Thursday, September 01, 2011

9/11 for all ages

My sister plans to explain the anniversary of the 9/11 attacks using the story of the Grinch. When talking with children (most of whom were not yet born on September 11, 2001), she wanted to be as honest as possible, without frightening them. Her insight: use the Dr. Seuss story, How The Grinch Stole Christmas. She’ll ask them if they know who the Grinch is, and ask them about what he stole from the Whos in Whoville (gifts, decorations, musical instruments, food), then ask what the Whos did. Rather than crying, or crumpling in defeat, the Whos gathered in a circle and sang. The spirit of the holiday was not in the gifts, it was in their hearts. Then she’ll draw the parallel: some angry people attacked the World Trade Center, expecting the citizens of the US to crumple in defeat–but we gathered in solidarity and helped each other, expressing the spirit in our hearts. Her church will light candles in memoriam, and the children will be invited to “light” electric tea lights.

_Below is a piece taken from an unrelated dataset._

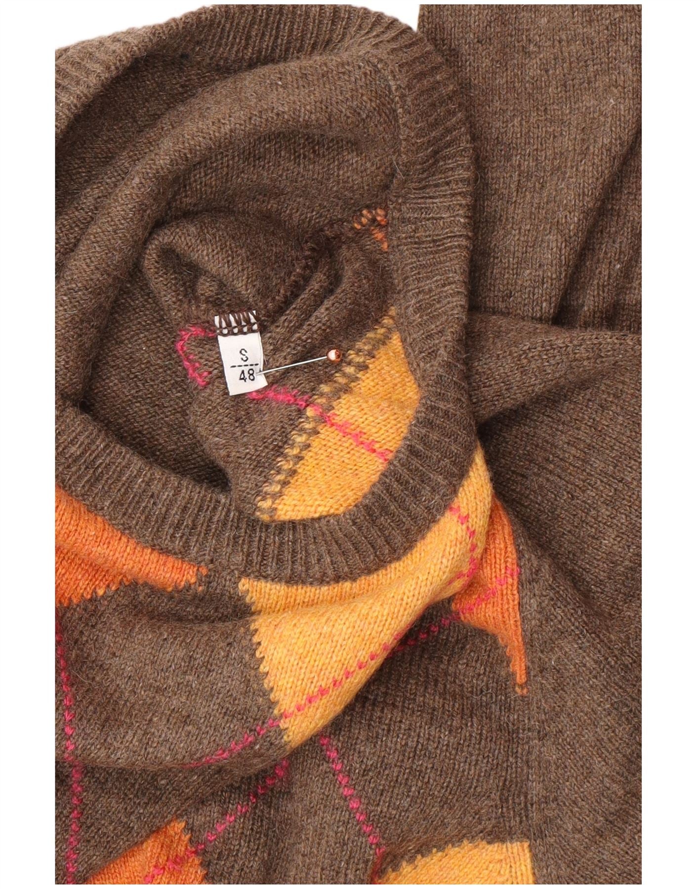 VINTAGE Jersey de cuello redondo para hombre IT 48 Pequeño Marrón Argyle/Diamante

It is not a perfect parallel. The US *did* gather in solidarity for a while, but many then turned their rage on innocent Muslim-Americans. And we did start a war on an uninvolved nation… Nevertheless, for young children, this does seem like a decent way of talking about a tragic event, and the positive ways that some of us responded to it.

Thanks, Kathy.

(original post, with links, at So May We Be)


At 11:39 AM, Blogger Joel Monka said...

The even better news to the good news is that there were *NOT* many who then turned their rage on innocent Muslim-Americans. There were a tiny few, but in fact according to the FBI statistics on hate crimes, there are proportionately many times as many hate crimes perpetrated against Jews than Muslims!